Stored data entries
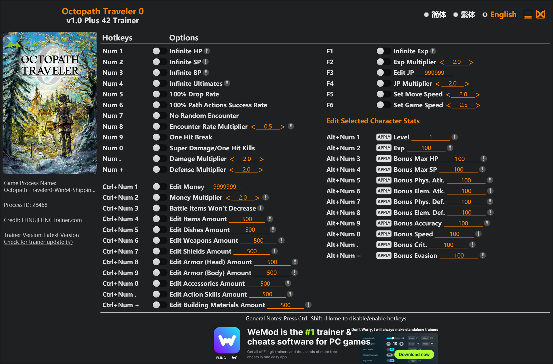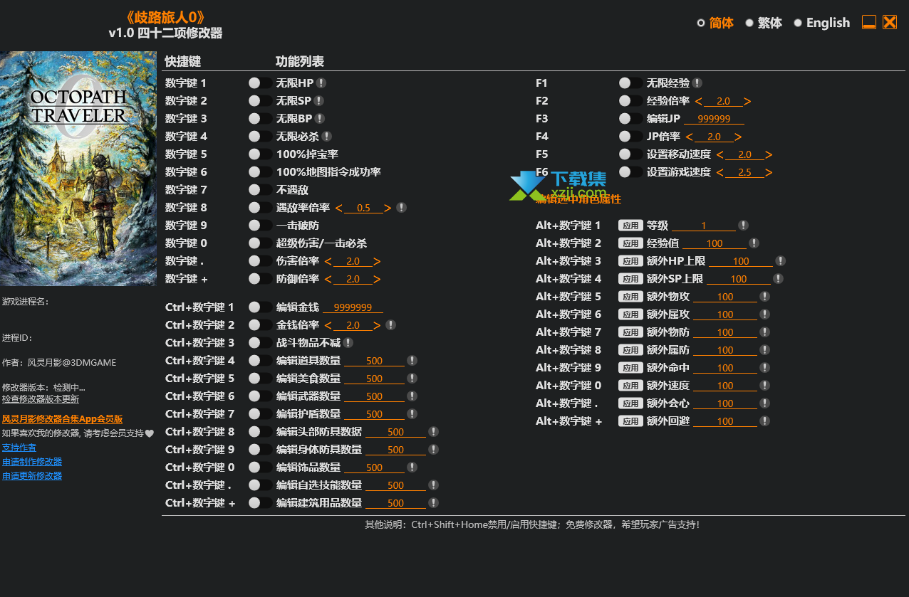 歧路旅人0修改器(octopath traveler 0),内置42项功能,包含无限HP、SP、BP、无限必杀等,玩家下载后,可以免费使用所有功能。
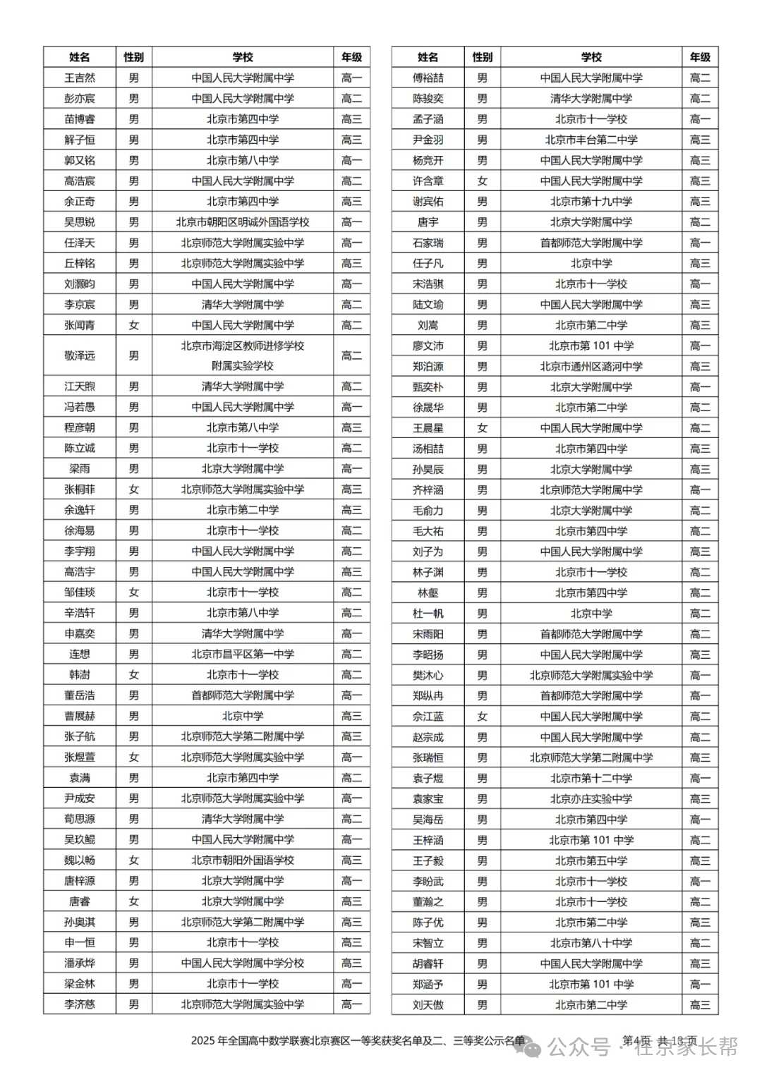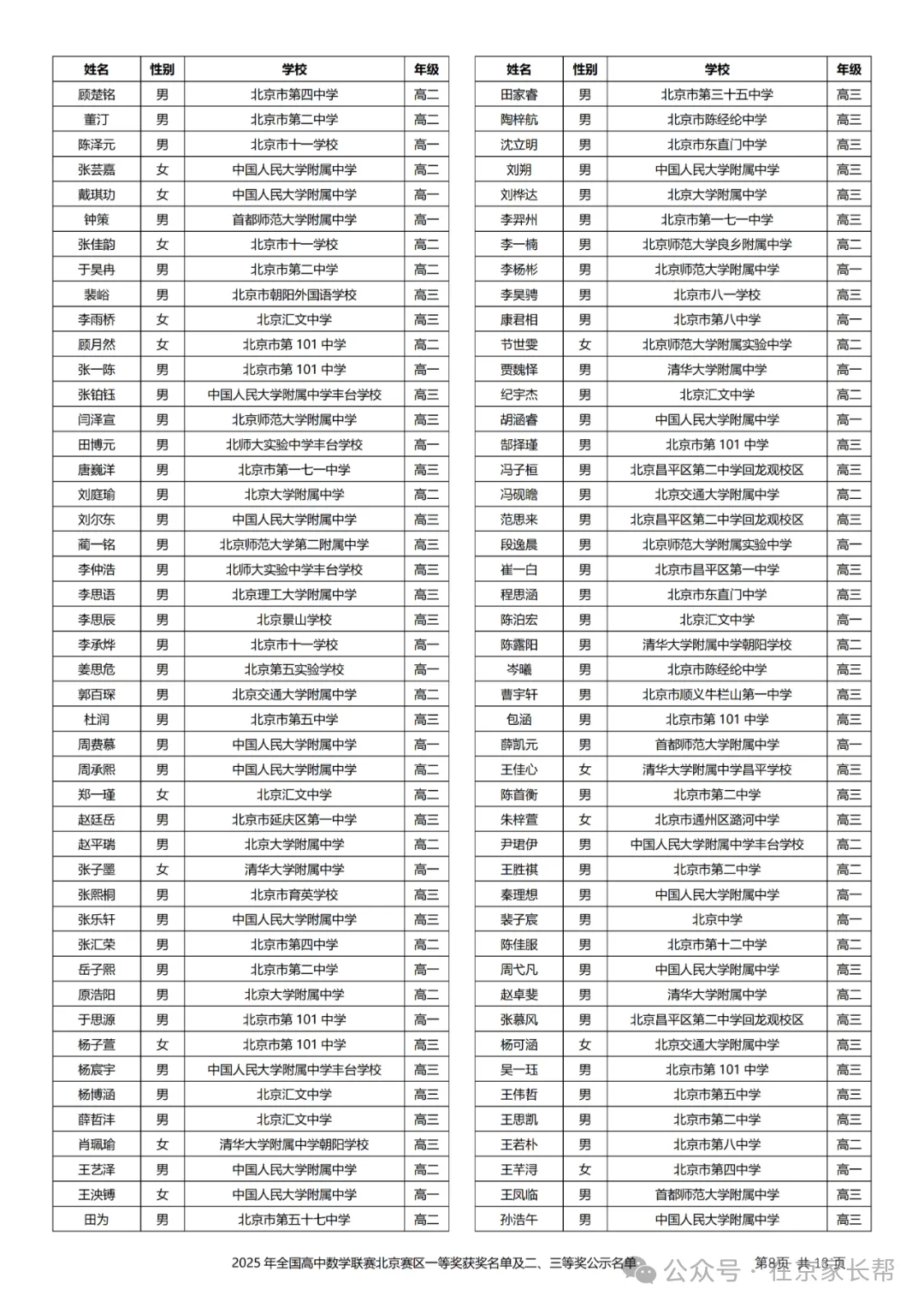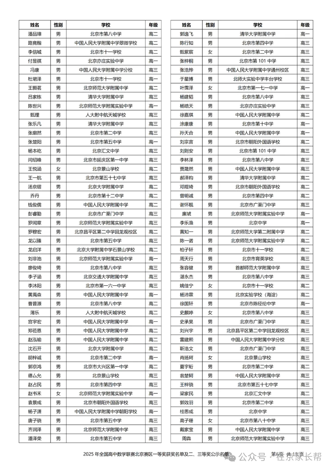 2025年全国高中数学联赛北京省队、省一二三获奖名单公布!恭喜各位获奖考生!本届数学竞赛具体获奖名单跟随北京小升初信息网一起来看!
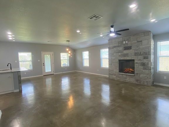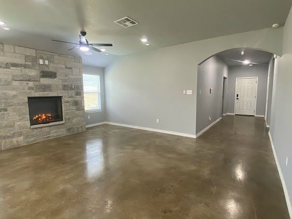 Step into modern comfort with this beautifully designed home featuring polished concrete floors throughout and a spacious, light-filled living area. The open-concept layout boasts recessed lighting, an electric fireplace, and large windows that flood the space with natural light. The kitchen is a chef's dream, complete with a central island, sleek granite countertops, stainless steel appliances, a pantry, and ample cabinetry for storage. The generously sized primary bedroom includes a ceiling fan and leads into a luxurious en-suite bath with dual vanity sinks, a separate soaking tub, a walk-in shower, and a large walk-in closet. Each minor bedroom offers comfortable space, with one enjoying its own private bathroom. Additional amenities include a laundry room, a covered back patio and a fully fenced backyard with a wood privacy fence. Call and schedule a viewing today!
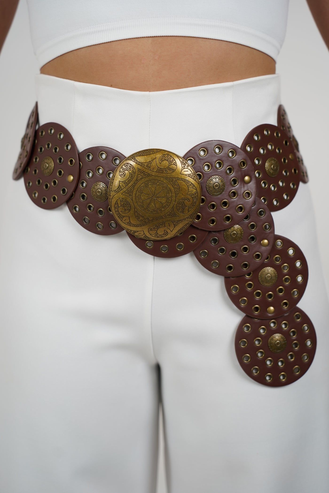 A striking statement belt with oversized discs and antique gold detailing, perfect for turning any outfit into a showstopper.
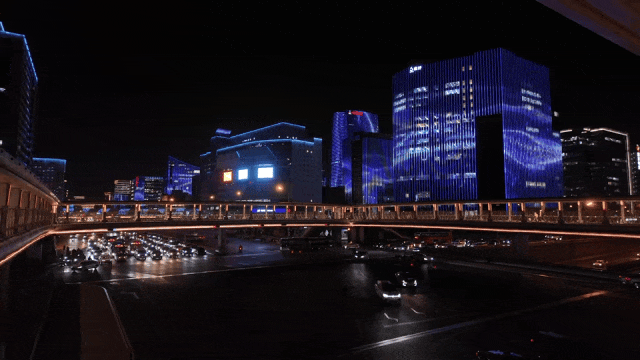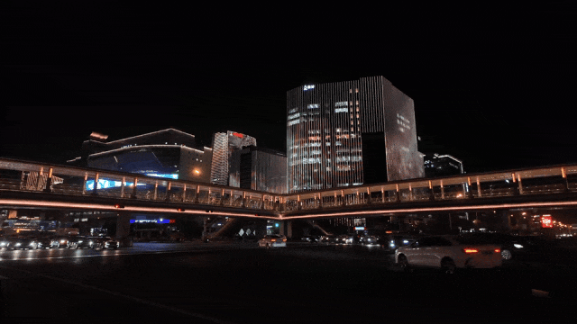 “此次灯光秀利用建筑的L形媒体立面塑造3D裸眼视觉‘盒子’,试图为观众带来身临其境的观影体验,营造一场充满未来感与科技魅力的视觉盛宴。”区城市管理委(交通委)广告景观管理科相关负责人介绍。
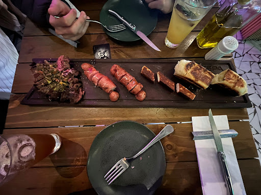 O único elemento que estava agradável nesse prato era o bife ancho grelhado que estava saboroso e no ponto que acredito ser o correto. No entanto, todo o restante estava péssimo, principalmente na quantidade dos demais itens, é importante ressaltar que perguntamos ao garçom se o prato serviria para dois. A linguiça defumada veio em uma quantidade irrisória e apresentava um gosto ok, nada de muito diferente do que é encontrado em açougues de boa qualidade, porém vendido aqui com um preço acima do que valia. A mesma lógica se aplica ao queijo coalho, que estava, ainda, queimado. Por fim, o pão de alho estava péssimo, qualidade horrível parecendo aqueles que são vendidos em supermercados, o que não seria ruim se não fosse o preço cobrado. Portanto, pelo conjunto da ópera, acredito que seja um prato extremamente inflacionado pela qualidade que se dispõe.
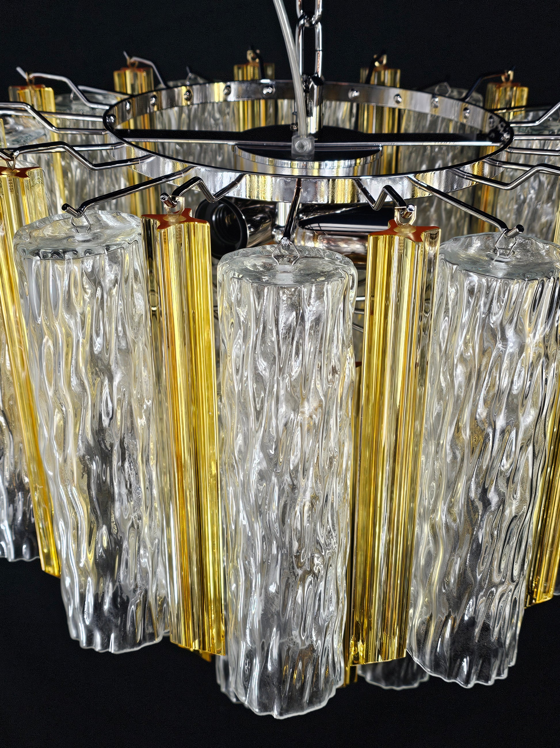 Lampadario Vintage di Murano. Stile Barovier, anni'80. Con due piani di vetri, rotondo e due diversi tipi di vetri di Murano, alternati. Sono presenti infatti vetri prismi quadriedri, in cristallo colore ambra. E vetri di Murano tubi cilindro, dalla particolare trama increspata, in cristallo. Questo lampadario ha un totale di n. 36 vetri. Con uno stile che si intreccia tra il moderno e il vintage, questo lampadario senza tempo si adatta perfettamente a tutti gli ambienti, creando molto design. La finitura del lampadario è cromo lucido, che permette di dare maggiormente risalto al colore ambra e cristallo dei due tipi di vetri di Murano. Adattabile a qualsiasi ambiente, si può inserire da solo in piccole stanze, oppure in stanze più grandi si può usare in coppia dello stesso colore, o abbinato all'altra plafoniera della stessa serie, ma di colore cristallo e azzurro acquamare. Le sue misure sono diametro 40 cm. ed altezza 40 cm. Porta n. 4 lampadine E27. Questo lampadario è stata inventato ,ideato e creato da noi. E Vi ricordo che tutti i nostri lampadari sono prodotti artigianalmente a mano dai nostri Maestri, presso la nostra fabbrica.
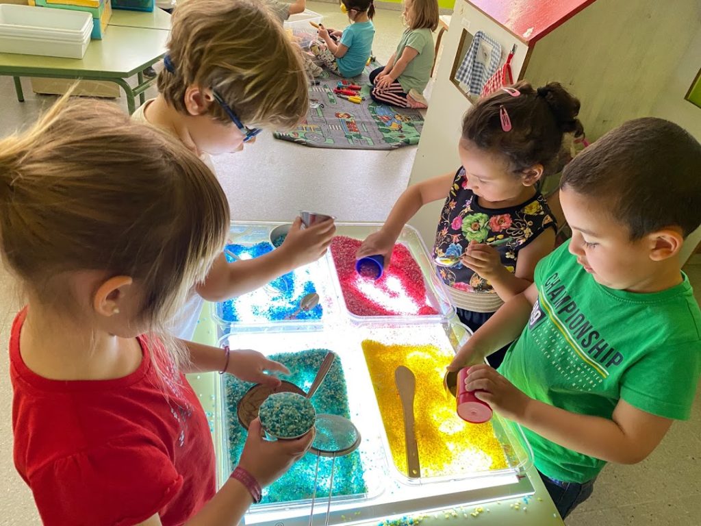 A les sessions d’experimentació hem dut a terme una activitat sensorial que ha consistit en tenyir arròs de diferents colors amb colorant alimentari.
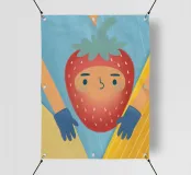 Un'affascinante illustrazione di una persona che indossa un costume da fragola con un'espressione simpatica.
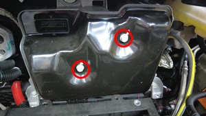 拆下将前车身控制器护板固定到前车身控制器的螺栓(2 个),然后拆下前车身控制器护板。

» GOAL OF THE EXERCISE
With the pictures left out, copy exactly the lines from the one containing "Un'affascinante illustrazione di" through the final line of the records above, both included.

» YOUR RESPONSE
 Un'affascinante illustrazione di una persona che indossa un costume da fragola con un'espressione simpatica.
 拆下将前车身控制器护板固定到前车身控制器的螺栓(2 个),然后拆下前车身控制器护板。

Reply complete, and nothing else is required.